Longtime 6th District Commander Robert Bardy was named deputy superintendent of the Field Operations Bureau, often considered the No. 2 post in the department. Bardy has served as commander of the 6th District since 2006.

Deputy Superintendent Daryl Albert, who has held the job Bardy will fill, will shift to the post of deputy superintendent of the Investigation and Support Bureau. That position was vacated in June when 32-year NOPD veteran Kirk Bouyelas departed to become chief investigator at the Orleans Parish District Attorney’s Office.

Lt. Ronnie Stevens, who headed the detective investigative unit for the 1st District, was named commander of the 6th District, the post Bardy vacated. The district comprises the Irish Channel, the Garden District, Central City and part of Uptown.

Lt. Lawrence Dupree, who oversaw the detective investigative unit in the 7th District, was named commander of the 7th District, which covers New Orleans East. That was the post Harrison held until he was named interim superintendent Monday in the wake of Ronal Serpas’ abrupt retirement to take a teaching position at Loyola University.

The shake-up is fairly typical of what happens when a new superintendent assumes the job, according to Rafael Goyeneche, president of the Metropolitan Crime Commission.

“It’s all about trust and relationships,” Goyeneche said. “Mike Harrison has been on the job for 20-some years. He knows all these people personally and professionally. He doesn’t have to take anyone’s word about someone’s background.”

Bardy is a 40-year NOPD veteran. Prior to serving as the 6th District commander, he was commander of the 7th District, a platoon sergeant in the narcotics section and a platoon commander of a Drug Enforcement Agency task force.

He has been characterized as a hands-on commander who was active in the community and had a strong dialogue with those living in his district.

A story Friday in the Uptown Messenger said that under Bardy’s leadership, the 6th District significantly increased its arrest rate on violent crimes.
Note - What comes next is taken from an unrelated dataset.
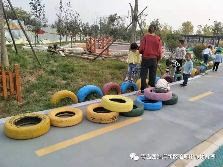 轮胎,易于收集,玩法多变,是幼儿园的标配。在我们的院子里随处可见,轮胎围栏、轮胎山洞、轮胎组合、轮胎山、轮胎桌椅……

The rate now is above 50 percent, the story said. “About four years ago, we had single digits” on those clearances, Bardy said.

Bardy’s leadership also was touted during a dispute a few years ago between police and Mardi Gras Indians, who claimed officers often harassed them while they were parading in the street on the evenings of Mardi Gras and St. Joseph’s Day.

Bertrand Butler, who sits on the New Orleans Mardi Gras Indian Council, said Bardy vastly improved the relationship between the Indians and the Police Department. “Before they treated us bad, but Cmdr. Bardy came in and transformed the whole network,” he said. “He would march with us from beginning to end, and he always welcomed you into his office.”

Bardy came under fire from the American Civil Liberties Union in 2012 for an email he wrote that suggested a specific platoon should hit a goal of 40 arrests per week. ACLU officials suggested the email was evidence of an arrest “quota,” which is against state law.

An NOPD spokesman defended Bardy, claiming the email was meant to be motivational and exemplified good leadership.

Bardy was commander of the 7th District during Hurricane Katrina, when officers allegedly killed two people on the Danziger Bridge then conspired to cover up the shooting. Five officers were convicted in the case, but the verdict was later thrown out because of prosecutorial misconduct.

Bardy was never implicated in the conspiracy.

Daryl Albert’s brother, Marcel Albert, was arrested on a count of domestic abuse battery in April for allegedly strangling his wife in a domestic dispute. Marcel Albert is also a police officer.

The arrest came eight months after the incident, and Marcel Albert’s wife said she didn’t feel the NOPD could fairly investigate the case because of her brother-in-law’s high-ranking status.

Daryl Albert was not involved in the dispute, and there has not been any evidence that he influenced the investigation.

Staff writer Gordon Russell contributed to this report.